Sejumlah ketentuan dalam RUU yang berpotensi mendistorsi perekonomian daerah.

Oleh:
Mochamad Januar Rizki
Bacaan 4 Menit
Ilustrasi: HOL
Ilustrasi: HOL

Pemerintah bersama Komisi XI DPR RI sedang membahas Rancangan Undang-Undang Hubungan Keuangan antara Pemerintah Pusat dan Pemerintahan Daerah (RUU HKPD). RUU HKPD diharapkan menyempurnakan dan mengintegrasikan dengan UU Nomor 33 Tahun 2004 tentang Perimbangan Keuangan antara Pemerintah Pusat dan Pemerintahan Daerah dan UU Nomor 28 Tahun 2009 tentang Pajak Daerah dan Retribusi Daerah.

Namun dalam penyusunannya, RUU HKPD dinilai belum optimal dan mengandung terobosan fundamental. Bahkan, sejumlah ketentuan dalam RUU ini yang berpotensi mendistorsi perekonomian daerah.

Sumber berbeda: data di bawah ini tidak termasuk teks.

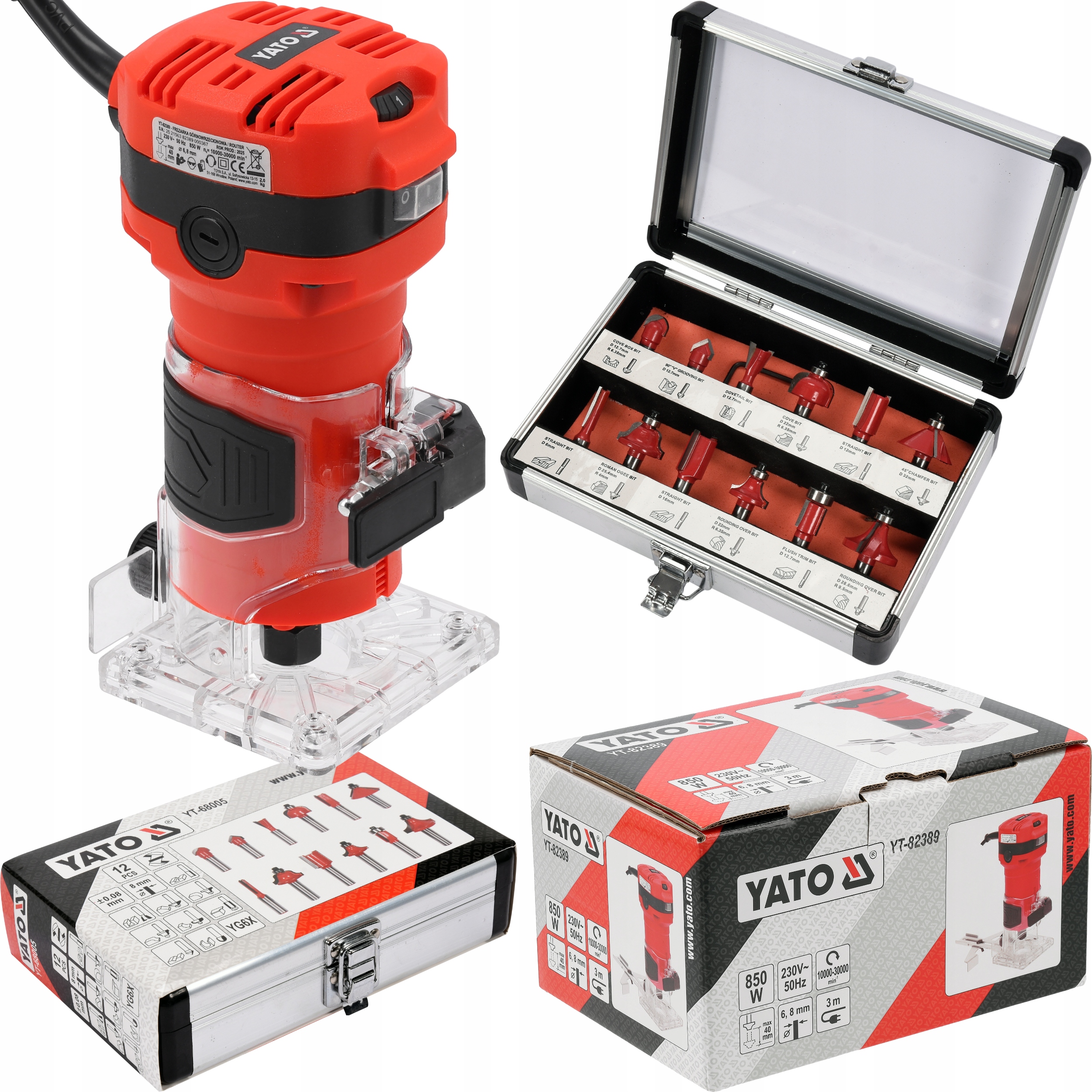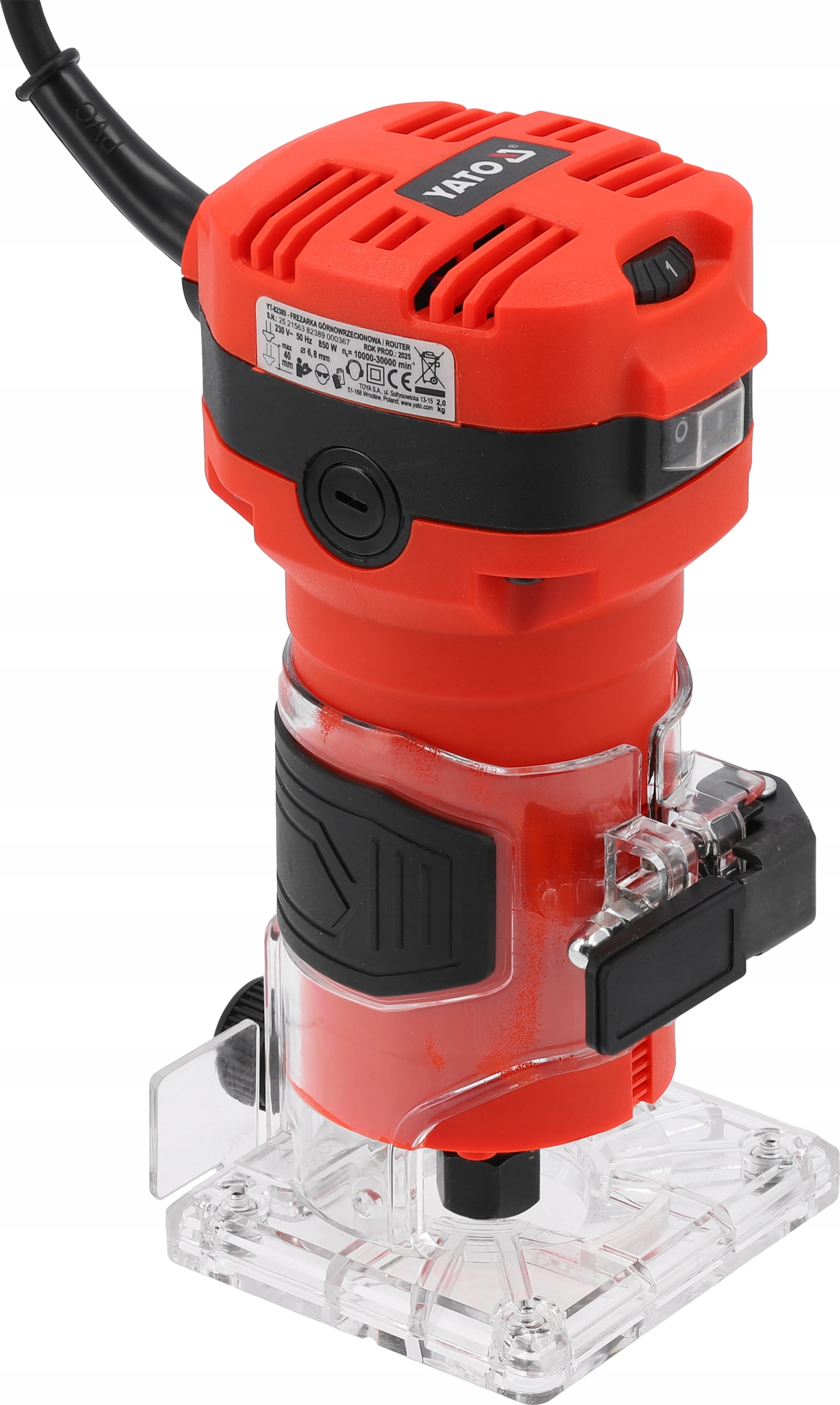 Urządzenie wyposażono w silnik o mocy 850 W, który zapewnia płynną i stabilną pracę w szerokim zakresie obrotów od 10000 do 30000 min⁻¹, umożliwiając dostosowanie prędkości do obrabianego materiału i frezu.
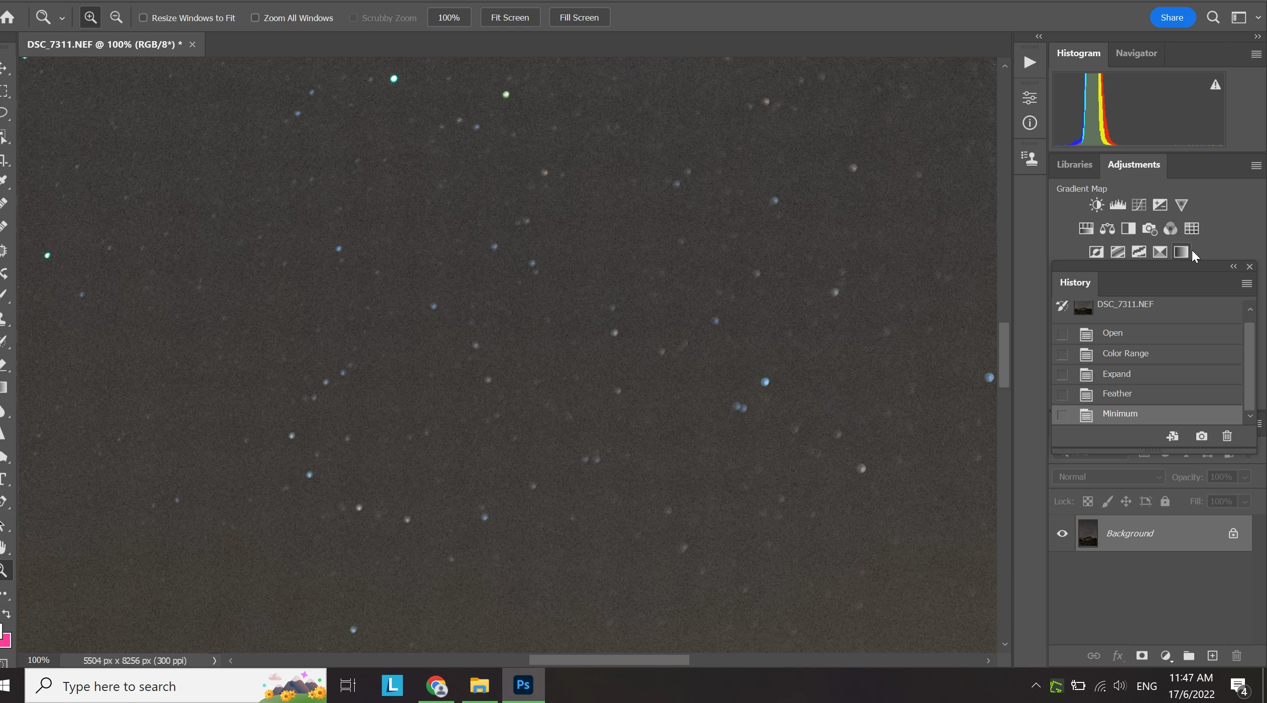 I'm trying to do star reduction on my milky way raw file (Nikon D850, Rokinon 14mm).

“Komponen pajak utama seperti PPH dan PPN belum dilihat sebagai bagian memperkuat desentralisasi fiskal dan otonomi daerah. Meski melakukan simplifikasi jumlah pajak, tetapi revisi atas UU Pajak dan Retribusi ini masih menyasar pajak-pajak yang selama ini tidak terlalu berdampak besar terhadap PAD,” jelas Direktur Eksekutif KPPOD, Armand Suparman, Senin (8/11).

Dalam kajiannya, KPPOD menyatakan RUU HKPD menghadirkan nuansa reformatif pada praktik pemungutan Pajak Daerah dan Retribusi Daerah (PDRD). Nafas perubahan tersebut terjadi atas dasar bahwa perlu dilakukan peninjauan kembali atas sejumlah pasal yang dianggap tidak relevan. Daya dukung terhadap peningkatan PAD dan ekosistem investasi daerah menjadi batu uji atas cita-cita luhur tersebut. Pada umumnya, eksistensi PDRD sebagai budgeter dan regulerend menggerakkan denyut nadi perekonomian lokal kendati masih ditemukan sejumlah kendala pada aras implementasi. 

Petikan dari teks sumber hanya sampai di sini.